What are the main activities proposed by the San Bao Association?
“Our main activities are related to offering training courses in Tai Chi Kung, to be understood as a martial technique, a discipline for well-being, meditation in movement, and an evolutionary discipline.
“Following multiple scientific validations, scientists believe that the studies carried out provide a solid base of evidence to support that the practice of Tai Chi and Chi Kung (Qi Gong) offers benefits to bone health, the cardiovascular and respiratory systems; improves physical function and balance; prevents falls; and offers psychological benefits by improving overall quality of life.

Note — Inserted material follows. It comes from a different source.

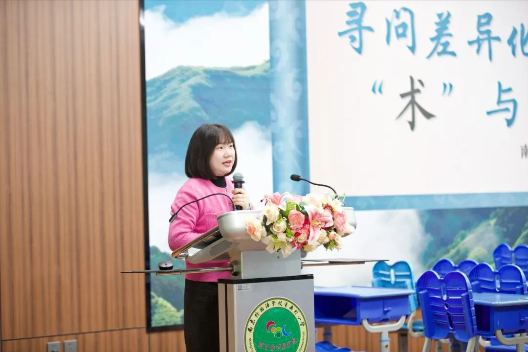 接着,海英小学的张煜妍老师开设讲座《寻问差异化教学的“术”与“道”》。“道”即是理论知识,“术”即是方式方法。张老师从理论与实践两方面阐述了差异化教学的“道”与“术”。差异教学是指"在班集体教学中,立足学生的个性差异,满足不同学生的学习需要,促进每个学生最大限度发展的教学"。她还结合具体的教学案例和大家分享了三个差异化教学策略:全面动态测查学生差异的策略,及时反馈与调整教学的策略,隐形动态分层与互补合作结合的策略。她和她的学生也都在差异化教学课堂中成长着,进步着。

“In addition to this we offer complementary courses in Traditional Chinese Medicine, Enneagram, Meditation, etc.”

Future plans?
“Our proposals are constantly growing. Indeed, I firmly believe that modern man can benefit greatly from integrated work, where body, mind and spirit can regain their rightful place.
“To this end, on 25 September there will be a party to present our activities, which we invite all readers to attend.

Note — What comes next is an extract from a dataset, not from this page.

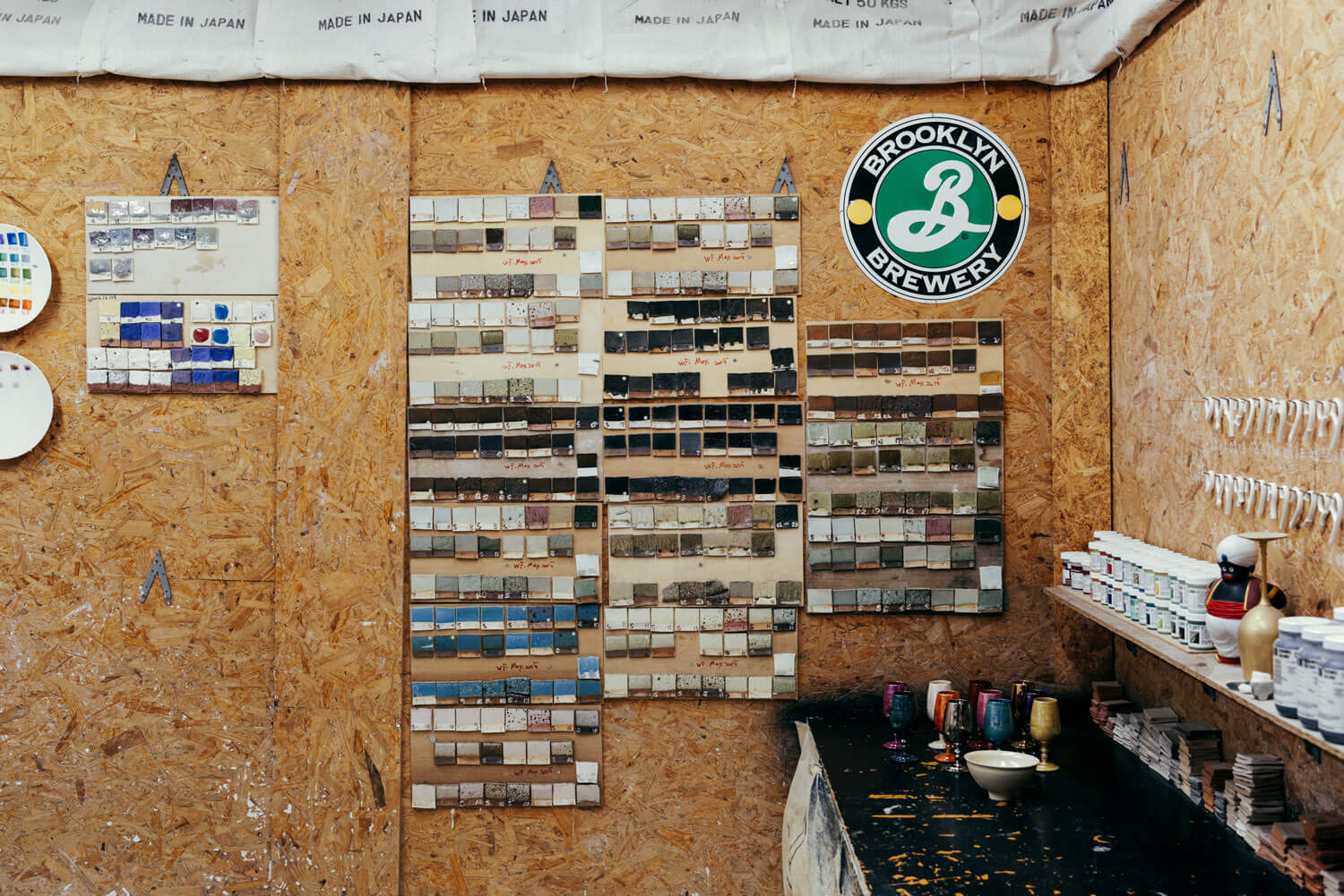 The walls are covered with test pieces on which the artist tries out different glazes.

“We will start by talking about dietetics with the lecture given by our study group, followed by a presentation of Tai Chi Kung courses and a lecture where I will talk about EnneaMediCina, the way to recover health according to the principles of the Enneagram, integrated with the laws of Chinese Medicine, all in the light of the latest discoveries in neuroscience.
“The EnneaMediCina books published a few months ago are available in all online stores.
“Last but not least, we will offer a dinner with a tasting menu of vegetarian, gluten-free, vegan and dairy-free autumn products on request, prepared by a well-known local chef. Suitable for everyone, then!”

For the next season, starting in October 2015, we will be proposing an intensive Tai Chi Kung activity, with the novelty of a children’s course, a Daoyin course: exercises for health (on Fridays during the lunch break), training in Traditional Chinese Medicine, another in Enneagram and Meditation evenings.